Parts of the economy that are easier to automate – agriculture, mining and manufacturing – have declining shares of Australia’s economy (and those of other rich nations). The expanding service sector is typically harder to extract gains from, the commission says.

“Take a string quartet,” says John Hawkins, a former senior official with Treasury and the Reserve Bank now lecturing at the University of Canberra, offering an extreme example. “Are they going to play Vivaldi’s Four Seasons in half the time?”

Why the sudden concern?

Trajectories of productivity have been dismal for many years. However, comments by the RBA governor, Philip Lowe, in particular have lately elevated the issue’s urgency.

When the central bank lifted the official interest rate again on Tuesday, Lowe cited “subdued” productivity growth, even as unit labour costs were rising “briskly”, as one reason why inflation might not recede at the preferred pace.

In a speech on Wednesday, Lowe highlighted how productivity growth had evaporated in the past three years.

Labour productivity graph from Reserve Bank of Australia governor Philip Lowe's address at the Morgan Stanley summit

The release of national accounts figures by the Australian Bureau of Statistics later on that day showed productivity as measured by GDP an hour worked fell by 4.6% from the March quarter of 2022.

That was the largest annual decline in records going back four decades.

What’s the cause of the dive?

As Lowe says, the reasons for productivity’s retreat “are not well understood”.

“Productivity growth was slowing before the pandemic and it is entirely possible that the disruptions caused by the pandemic made things worse,” he said.

“Many firms had to focus on survival, rather than growing their business. Supply chains were interrupted, there was both labour hoarding and labour shortages, investment was delayed and finance tightened up,” he said.

Hawkins agrees Covid seems to be playing a role: “More people are working from home and are not as efficient as they think they are.”

Anecdotally, malls are reporting an uptick in Friday activity as people take advantage of working at home to bring forward weekend shopping.

Statistical overreach?

The ABS, though, issued its own cautionary note in late 2020.

At the best of times, productivity measures must account for technical change, scale and cyclical effects “which are difficult to separately identify”. Covid made things murkier.

“Care should be taken when interpreting year to year productivity growth for the market sector and by industry,” it said.

Take the latest gross value added (GVA) gauge for the market sector that excludes education, health and public administration.
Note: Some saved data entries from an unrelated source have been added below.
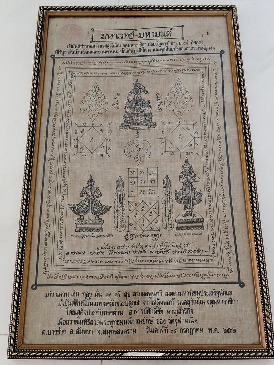 ผ้ายันต์ท้าวเวสสุวรรณ รุ่นแรก หลวงพ่ออิฏฐ์ วัดจุฬามณี ปี 2532 พร้อมกรอบ |
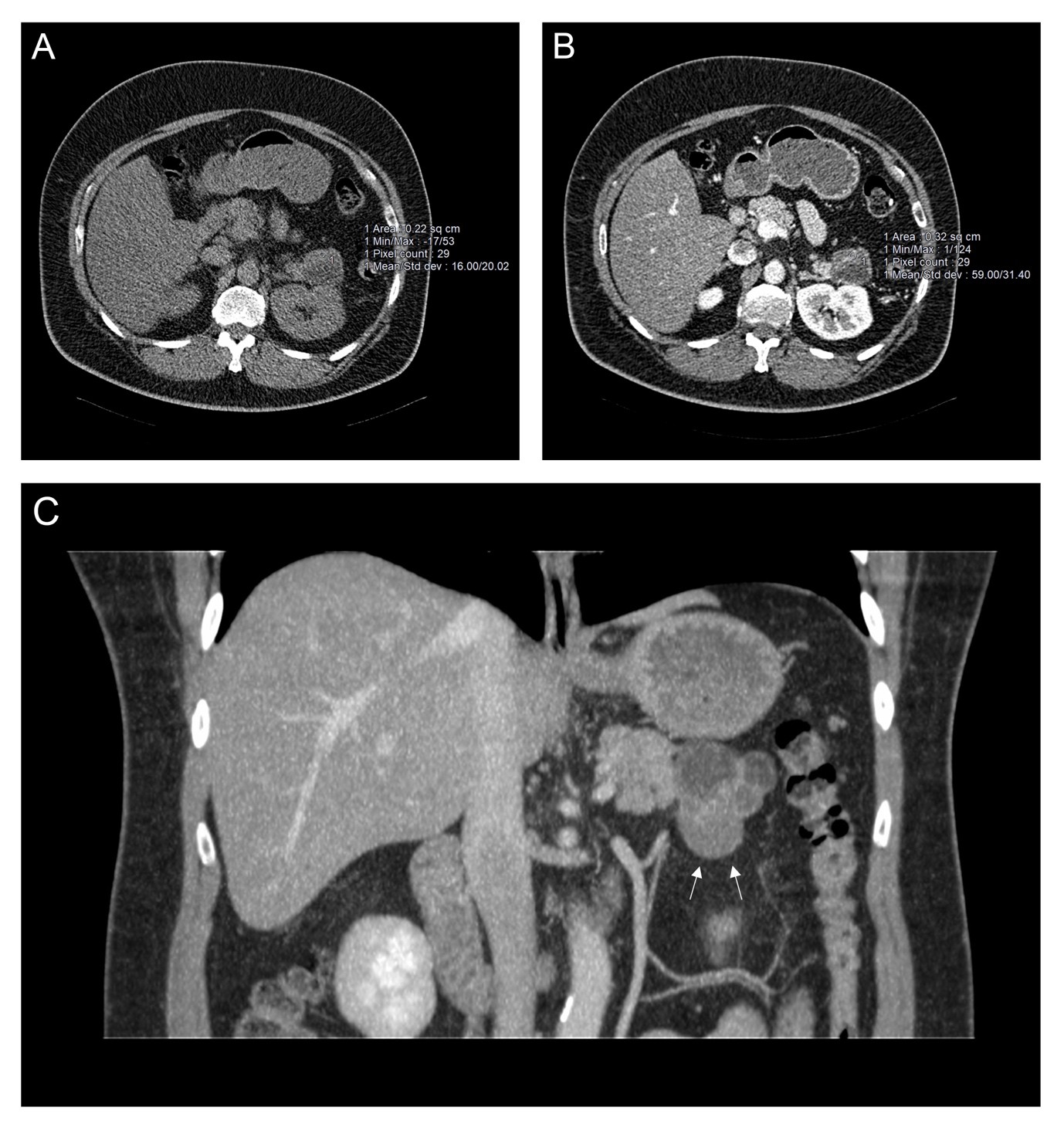 A 47-year-old man with a six-month history of abdominal discomfort.
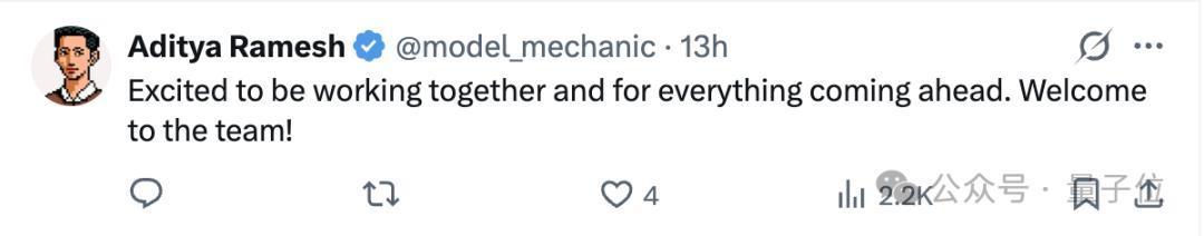 OpenAI宇宙模拟想法的认真东说念主之一、Sora面容资深带领Aditya Ramesh也第一时分留言迎接。
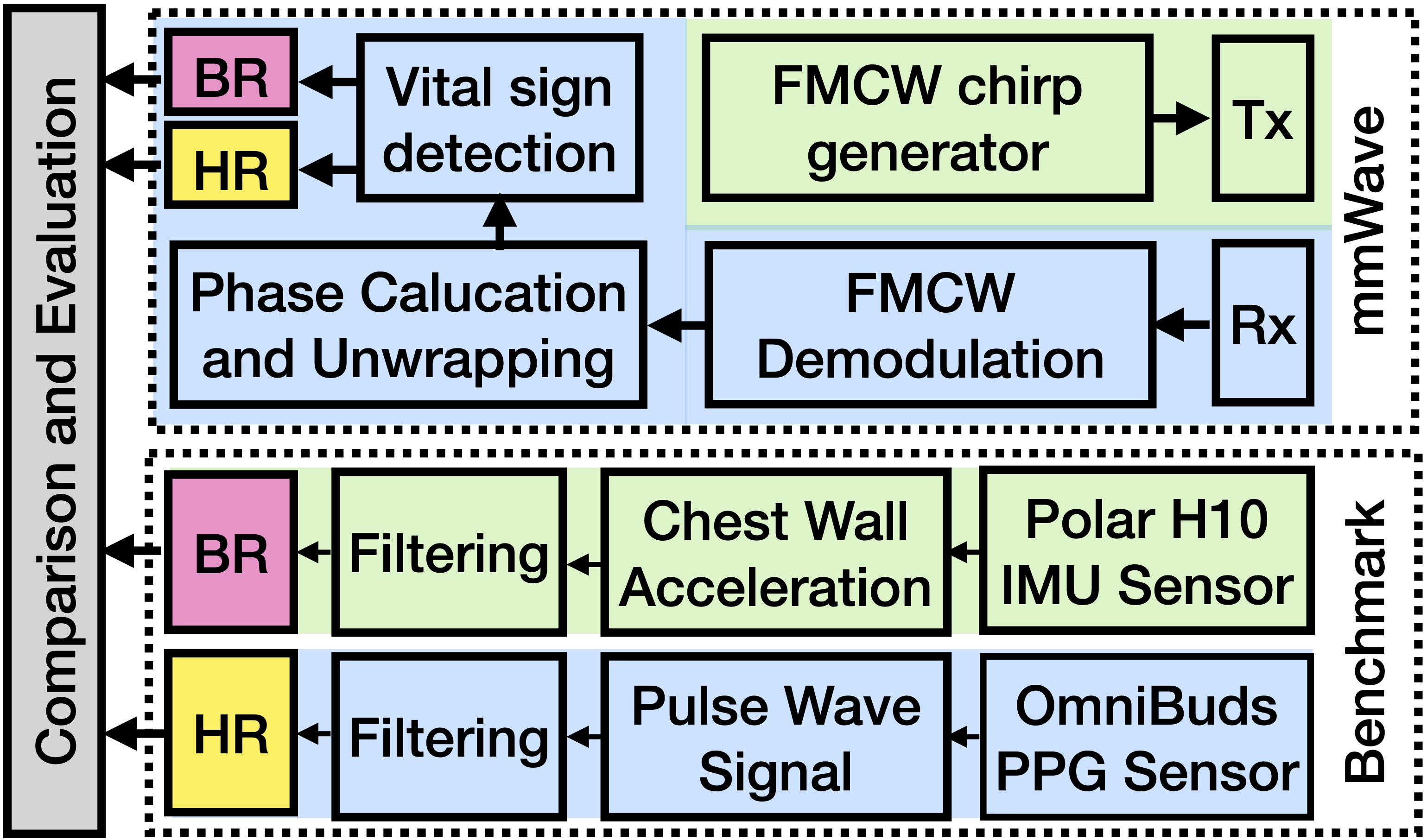 As wearable sensing evolves toward non-contact and mobility-friendly designs, mmHvital explores how head-mounted mmWave radar can monitor vital signs such as heart rate (HR) and respiration rate (RR) without chest-level placement. The motivation stems from the limitations of traditional radar setups, which require fixed, front-facing positioning and make them unsuitable for natural, mobile usage in daily scenarios.
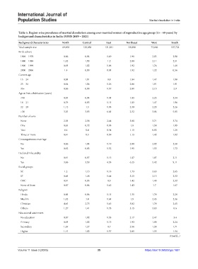Table 5. Region‑wise prevalence of martial dissolution among ever‑married women of reproductive age group (15 – 49 years) by
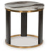 Ultra-contemporary design, everyday convenience. This end table completes your confidently curated living room with its trend-forward pairing of a marble-patterned top and an eye-catching brass-tone frame. Dark wood grain on the legs provides a beautiful contrast. It's well-suited for supporting a sofa-side lamp, holding drinks or displaying decor in sophisticated style.
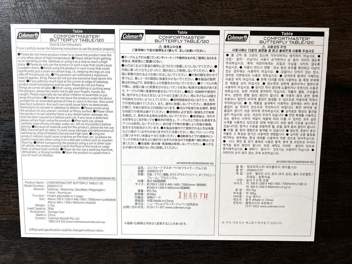 コールマン、マスターシリーズのテーブル、幅120㎝奥行き70㎝です。高さは44㎝、60㎝、70㎝の3段階可能です。
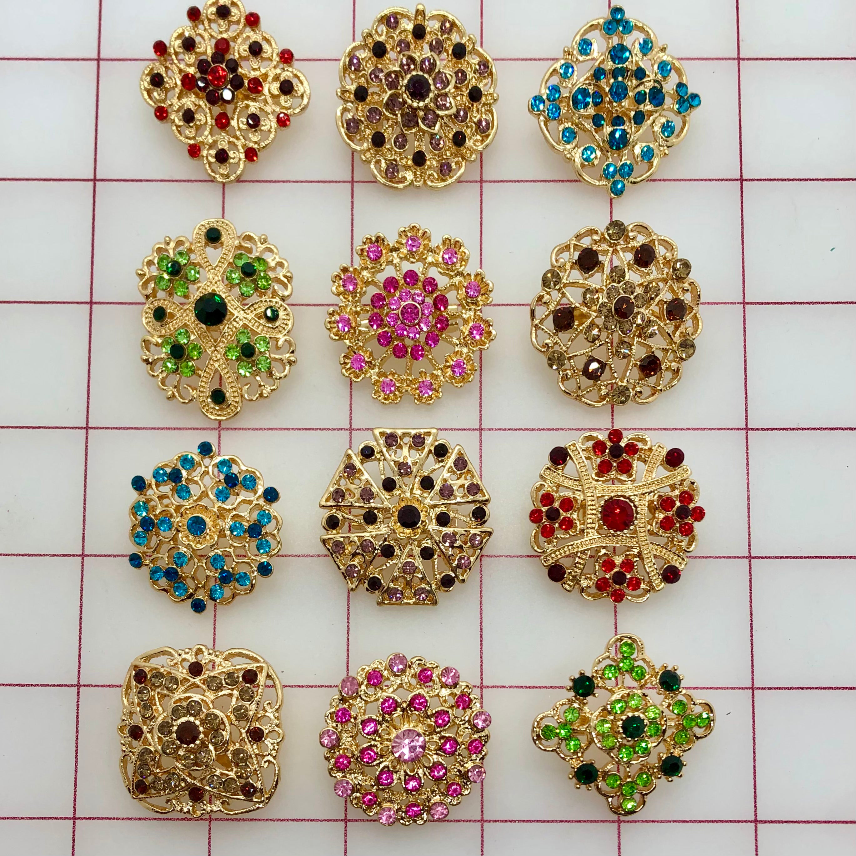 Priced per piece. Beautiful, vintage rhinestone brooches. Very lightweight. Twelve different designs.
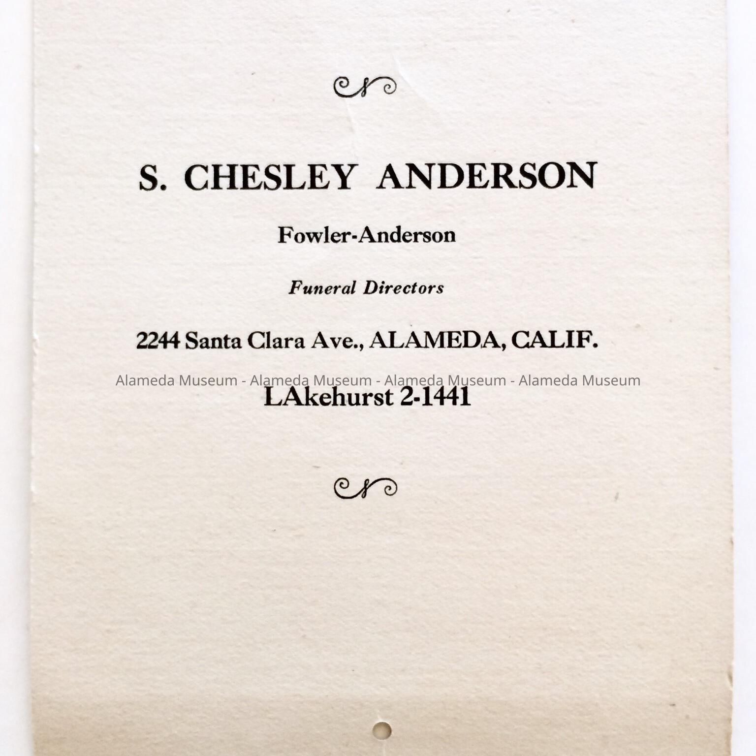 History of Object: A calendar with a memo pad issued by S. Chesley Anderson of Fowler-Anderson Funeral Directors, 2244 Santa Clara Ave., Alameda.
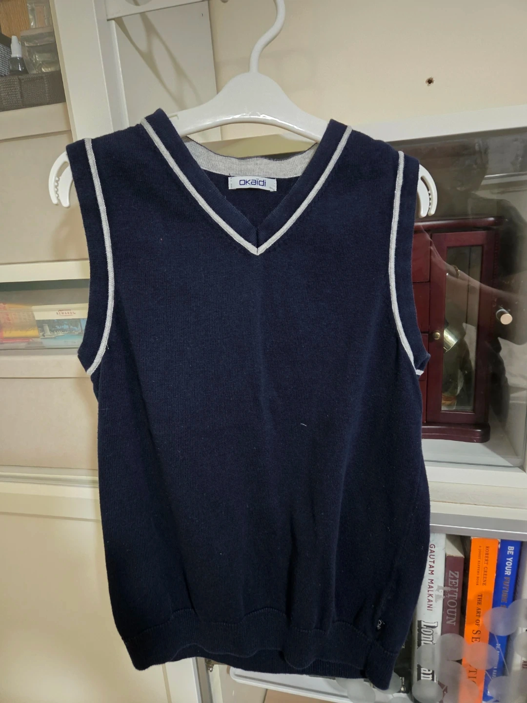 I'm selling a gently used Okaidi vest. It's a navy blue colour with a classic V-neck design and grey trim. The size is 10A/Y or 140cm. Perfect for layering!
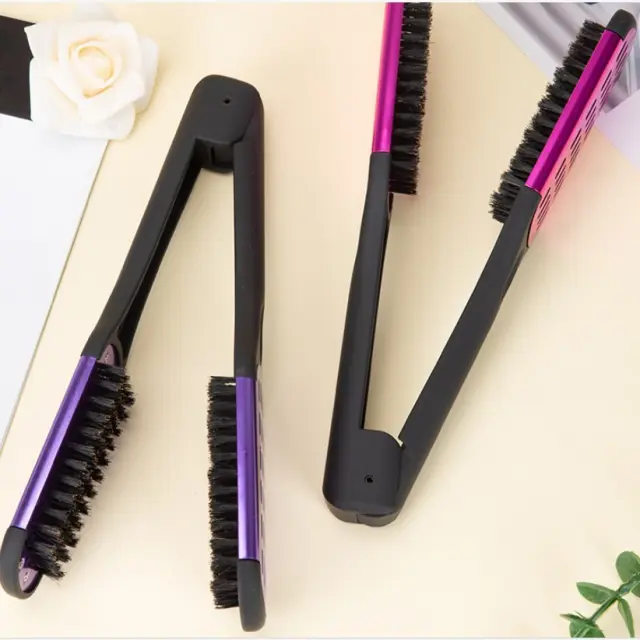 V-Oblikovan Glavnik za Ravnanje Las s Ščetinami - Toplotno Odporna Krtača Blue

It fell 4.3% in the March quarter but was actually better than the previous quarter, the ABS told Guardian Australia.

Baseline effects may also be amplifying the size of recent movements. The ABS revised its June quarter GVA decline to 3% from an initial reading of 1.8% after altering how it counted hours worked.

Similarly, hours worked in March 2022 reflected many people being asked to stay at home as the Omicron Covid strain played out. Come the March quarter of this year, hours worked rebounded 7.1% – producing the record large GDP an hour decline in the process.

Should we panic?

One big gain in the economy in recent years has been the drop in the jobless rate to half-century lows of 3.4% last October.

In theory, average productivity drops as employers scramble to hire people who previously found it hard to find work.

Now as the jobless rate starts rising again – reaching 3.7% in April on course to a projected 4.5% by mid-2025 – less productive workers will presumably be let go first. Average output of remaining staff will start to pick up.

Employer groups have a big incentive to talk up the lack of productivity to avoid paying higher wages. If the recent output drop turns out to be a statistical blip they won’t be forking out more dough.

And as Greg Jericho wrote early this year, it’s not as if workers enjoy much of whatever productivity spoils eventuate.

And while Lowe noted fatter pay packets without productivity gains would make the path to lower interest rates longer, wages were just one of his worries.

After all, we’ve had “upside surprises on inflation, upside surprises on wages, upside surprises on housing prices, upside surprises on inflation overseas”, he said.